Der frühere SPD-Bundestagsabgeordnete Sebastian Edathy hat Vorwürfe zurückgewiesen, er habe sich kinderpornografisches Material verschafft: "Die Tatsache, dass bei einer nur auf Mutmaßungen beruhenden gestrigen Hausdurchsuchung in meiner Privatwohnung die Lokalpresse zugegen war, nehme ich zum Anlass, Strafanzeige zu erstatten. - Ich gehe davon aus, dass die Unschuldsvermutung auch für mich gilt. - Ein strafbares Verhalten liegt nicht vor, " schreibt der Politiker auf seiner Facebook-Seite.

Nach Informationen des "Spiegel" kamen die ersten Hinweise zu dem Fall Edathy von der kanadischen Polizei.
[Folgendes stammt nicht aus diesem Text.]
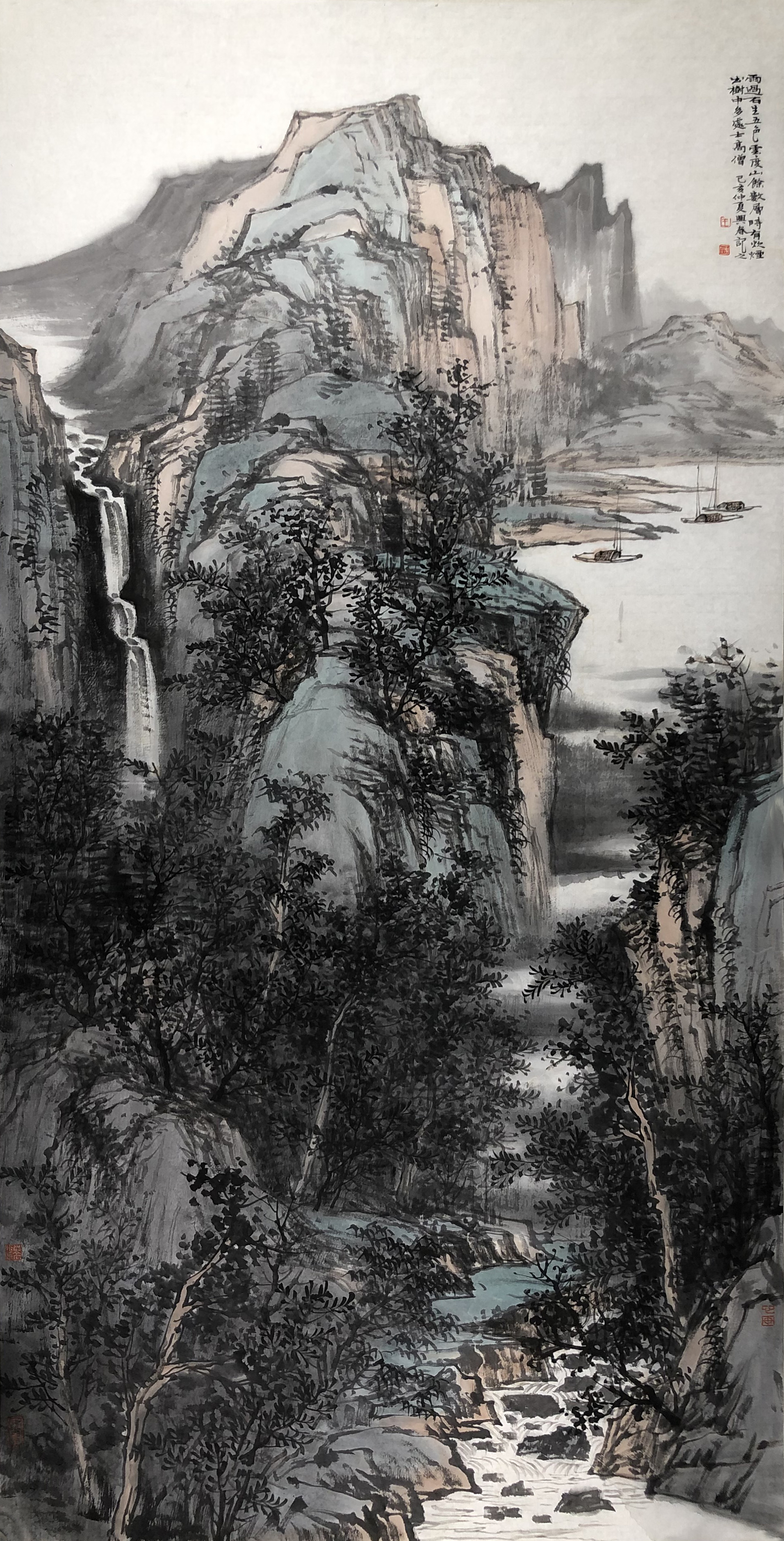 00057 王兴春 雨后石生五色 69cm x 138cm

Die Behörden sollen in den vergangenen drei Jahren gegen einen internationalen Kinderporno-Ring ermittelt haben. Dabei kam umfangreiches Material zusammen. Die Operation lief unter dem Codenamen "Spade", berichtet der "Spiegel". Bis Ende 2013 wurden in diesem Zusammenhang mehr als 340 Personen festgenommen, die in Kanada, den USA und anderen Ländern mit kinderpornographischem Material gehandelt haben. Unter den Opfern sollen, außer fünf- bis zwölfjährigen Jungen aus Osteuropa, auch Kinder aus Deutschland gewesen sein.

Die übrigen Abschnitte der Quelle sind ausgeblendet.